L'histoire :
Un homme commande trois pintes au comptoir d’un snack. Il veut évoquer le bon vieux temps en compagnie de deux anciennes copines de sa fac, juste avant une soirée retrouvailles. L’une d’elle se souvient d’une meuf prénommée Frøydis, qui était en physique-chimie et qui avait un comportement bizarre. Si Frøydis était toujours solitaire et angoissée, c’est parce qu’elle voyait sans cesse autour d’elle une créature extraterrestre gluante et tentaculaire, qui lui demandait de quitter la Terre avec elle. Frøydis s’était imaginé qu’un autre garçon introverti, Tariq, voyait aussi cette créature… Dans le snack, l’autre copine se souvient quant à elle du boutonneux Kåre qui collectionnait les insectes vivants. Ce jour-là, il était vénère de s’être fait livrer une larve de coléoptère à la place d’une larve de papillon-lune. Le beau gosse sexy de la classe, Brede, qui faisait de la muscu et se piquait avec des anabolisants, l’avait alors harcelé. En fouillant dans une boîte de larve avec son doigt, cet idiot s’était fait piquer. La piqûre de l’insecte avait alors provoqué une réaction métabolique sévère sous l’effet des anabolisants. Brede s’était en effet transformé en insecte géant, alors qu’il était garé dans une voiture, de nuit, dans la cambrousse, avec sa petite amie…

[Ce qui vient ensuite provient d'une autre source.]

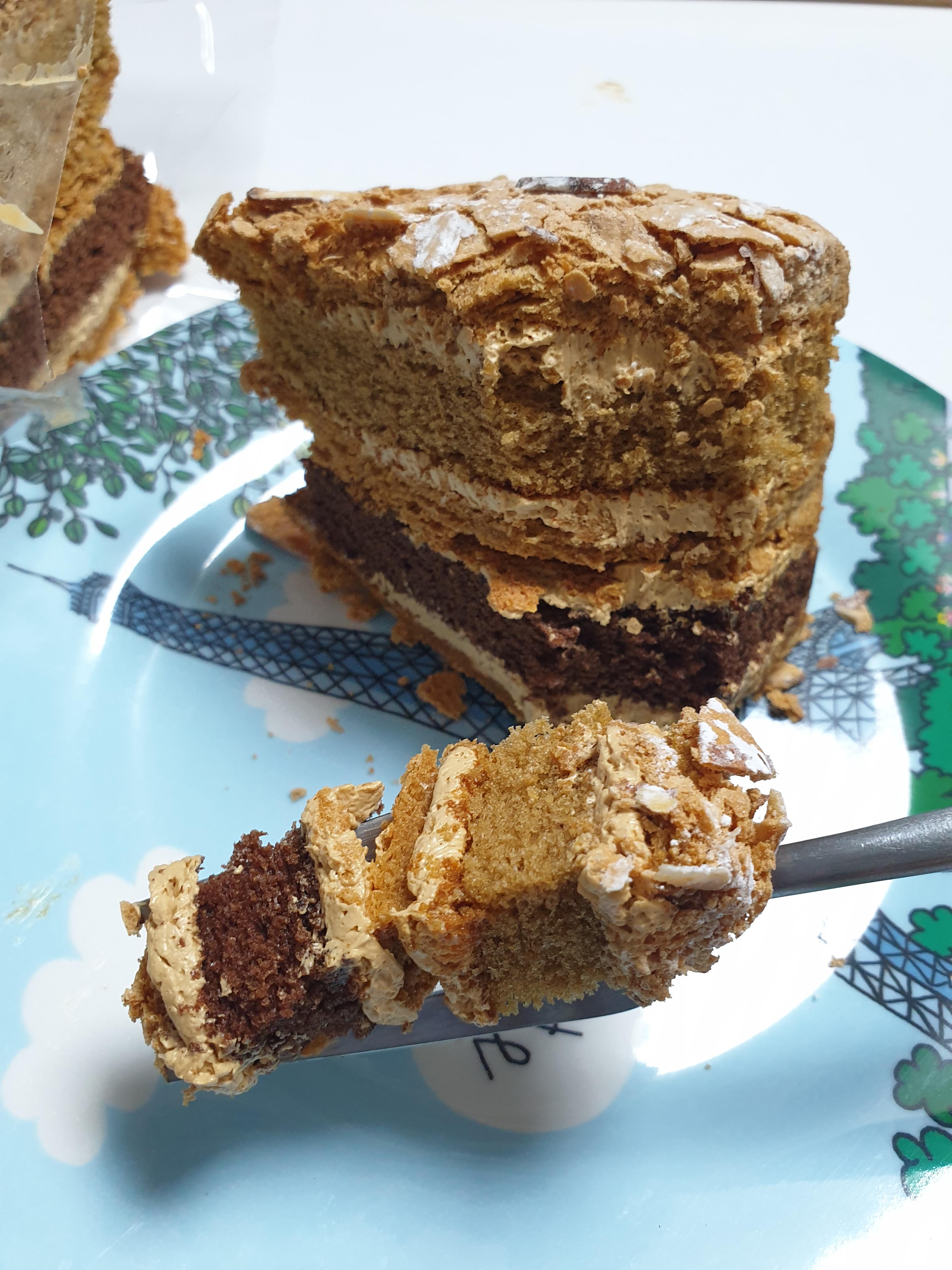 모카 네오네즈는 할인이 안되는 상품이었어요. 오늘 아침으로 커피랑 먹었는데 처음 향은 커피향이나 죠리퐁향 처럼 느껴졌어요. 초코시트와 모카시트가 함께있는점이 좋았고 위아래 다쿠아즈로 되어있어서 식감이 참 좋앟어요. 다만 중간중간 들어있는 크림이 버터크림인것 같은데 좀 느끼하더라구요. 어릴때 고전케이크(?)에 자주쓰이던 그런 크림느낌 같았는데 크림만 좀 덜 느끼했으면 딱 제취향이었어요. 그래도 커피랑 먹으니까 맛있었어요.
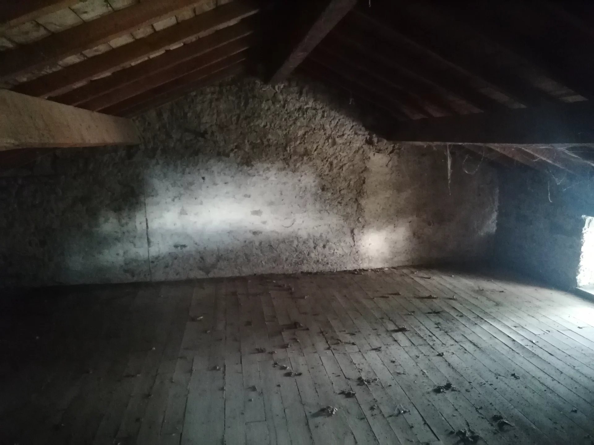 La charpente de la maison est en bon état mais la couverture sera à revoir, le bâti est en bon état, solivages et planchers semblent sains, compteurs d’électricités et eau présents, huisseries simple vitrage, assainissement individuel à refaire (étude de sol et devis établis).
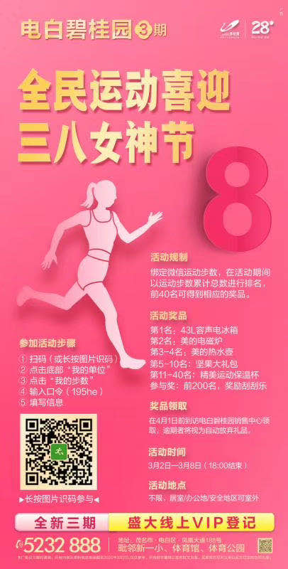 W w2365554 幼儿园 注册 2020-03-01 消息 12 反馈评分 0 点数 0 2020-03-02 #1 【电白碧桂园·3期】 全民运动 强体质 赢大奖 跑动喜迎三八女神节 电白人的都市生活大城 全新三期 盛大线上VIP 登记 联系方式:15626485034(微信同号) 附件 微信图片_20200302205335.jpg 57.8 KB · 查看: 399
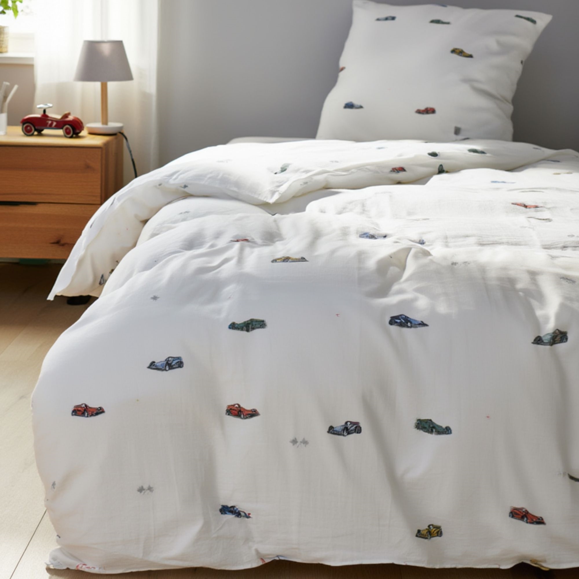 Creëer een lichte en rustige sfeer in de kinderkamer met dit mooie juniorbeddengoed van By Mats in een witte tint met kleine, decoratieve raceauto's. Het eenvoudige en noordse ontwerp geeft een zacht en harmonieus uiterlijk dat mooi past in zowel moderne als klassieke interieurs.
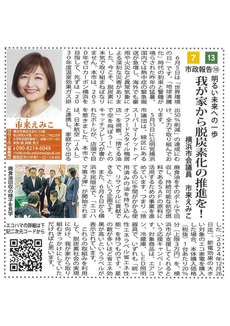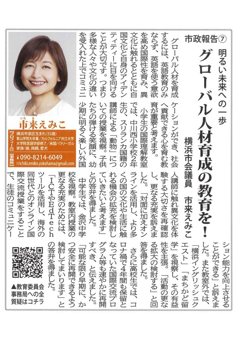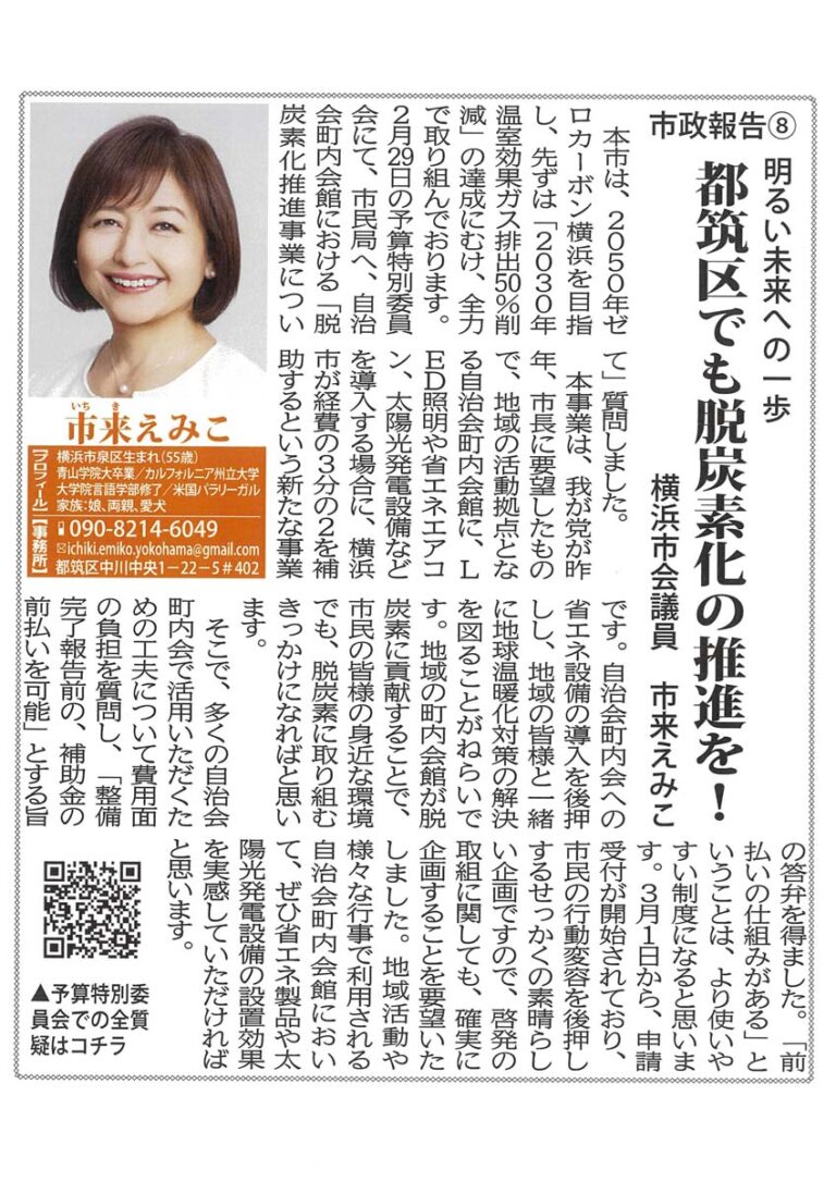 初当選し、横浜市会議員として就業開始させていただいた昨年は、世界的にも激動の年でありました。国内でも物価高騰やエネルギー…
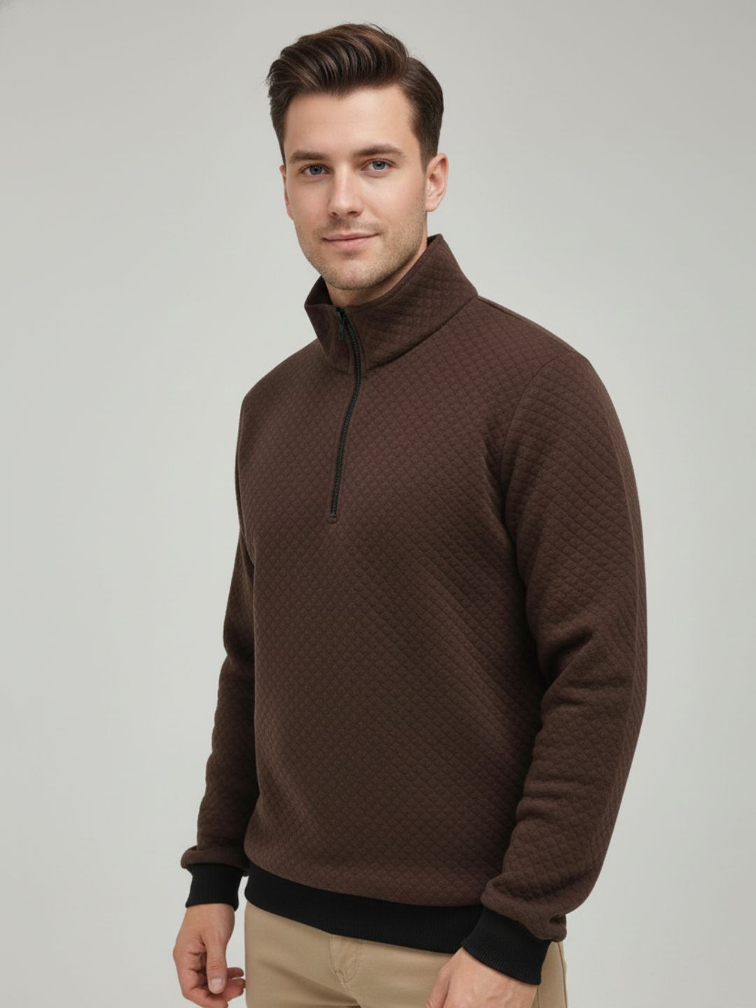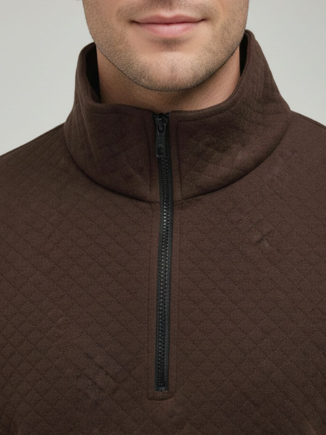 Brown Quilted Regular Fit Sweatshirt

Ce qu'on en pense sur la planète BD :
Sur le plan graphique, le trait encré épais, les masses noires profondes, la colorisation en aplats, le contexte contemporain et le focus sur l’adolescence malsaine font inévitablement penser à « l’école Charles Burns ». Le danois Kristian Hammerstad s’avoue néanmoins plus volontiers inspiré par les films de John Carpenter, le cinéma de genre de série B, avec une fascination pour les monstres kitchs issus de la culture pop-underground du milieu du XXème siècle. Cette définition est à peu près au point pour qualifier ce Creep traduit et édité par les éditions Aaarg!, dans le domaine trash-gore décalé qu’ils affectionnent. Le fil narratif de Creep additionne en réalité trois histoires de monstres, indépendantes et juste reliées entre elles selon le principe de souvenirs étudiants évoqués. Chacune d’elle est parfaitement glauque et/ou gluante et/ou malsaine, sans jamais tomber dans l’écueil du vulgaire. Sur un découpage en gaufrier strict de 9 cases par planche, les cadrages et les mises en scène d’Hammerstad ne cherchent pas précisément à susciter le frisson, mais plutôt le malaise. Des gros plans sur des insectes écrabouillés, des pustules ou une sudation exacerbée suffisent généralement. La lecture de cet album s’accompagnera aisément d’un yaourt périmé, d’un pétard coupé au cirage et d’un fond d’alcool frelaté trouvé au fond du placard de grand-papy.